Records excerpted from a collection
================================

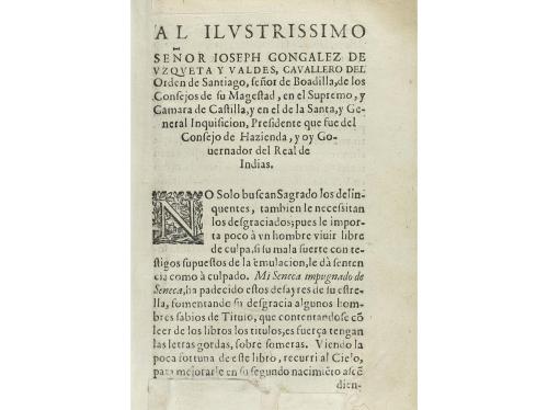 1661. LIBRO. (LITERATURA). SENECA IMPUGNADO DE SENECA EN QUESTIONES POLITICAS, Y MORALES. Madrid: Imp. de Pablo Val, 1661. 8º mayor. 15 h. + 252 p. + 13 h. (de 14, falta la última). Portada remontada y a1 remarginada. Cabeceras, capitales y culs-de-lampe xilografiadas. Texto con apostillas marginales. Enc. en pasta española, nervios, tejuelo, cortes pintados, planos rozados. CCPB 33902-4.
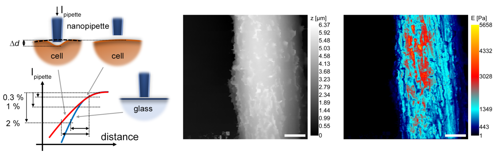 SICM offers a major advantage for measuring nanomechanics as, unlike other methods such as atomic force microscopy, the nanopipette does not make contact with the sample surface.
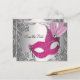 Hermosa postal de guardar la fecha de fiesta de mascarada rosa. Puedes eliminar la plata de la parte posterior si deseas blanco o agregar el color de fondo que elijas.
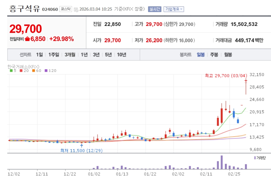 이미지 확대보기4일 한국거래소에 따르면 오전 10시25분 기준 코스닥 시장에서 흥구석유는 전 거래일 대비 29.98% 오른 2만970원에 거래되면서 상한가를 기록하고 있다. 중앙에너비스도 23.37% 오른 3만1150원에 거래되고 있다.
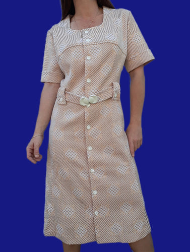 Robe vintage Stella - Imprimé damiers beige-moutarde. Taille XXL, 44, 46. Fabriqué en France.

================================

TASK
What is needed is an exact reprint of every entry, pictures excluded.

WRITTEN RESPONSE
 1661. LIBRO. (LITERATURA). SENECA IMPUGNADO DE SENECA EN QUESTIONES POLITICAS, Y MORALES. Madrid: Imp. de Pablo Val, 1661. 8º mayor. 15 h. + 252 p. + 13 h. (de 14, falta la última). Portada remontada y a1 remarginada. Cabeceras, capitales y culs-de-lampe xilografiadas. Texto con apostillas marginales. Enc. en pasta española, nervios, tejuelo, cortes pintados, planos rozados. CCPB 33902-4.
 SICM offers a major advantage for measuring nanomechanics as, unlike other methods such as atomic force microscopy, the nanopipette does not make contact with the sample surface.
 Hermosa postal de guardar la fecha de fiesta de mascarada rosa. Puedes eliminar la plata de la parte posterior si deseas blanco o agregar el color de fondo que elijas.
 이미지 확대보기4일 한국거래소에 따르면 오전 10시25분 기준 코스닥 시장에서 흥구석유는 전 거래일 대비 29.98% 오른 2만970원에 거래되면서 상한가를 기록하고 있다. 중앙에너비스도 23.37% 오른 3만1150원에 거래되고 있다.
 Robe vintage Stella - Imprimé damiers beige-moutarde. Taille XXL, 44, 46. Fabriqué en France.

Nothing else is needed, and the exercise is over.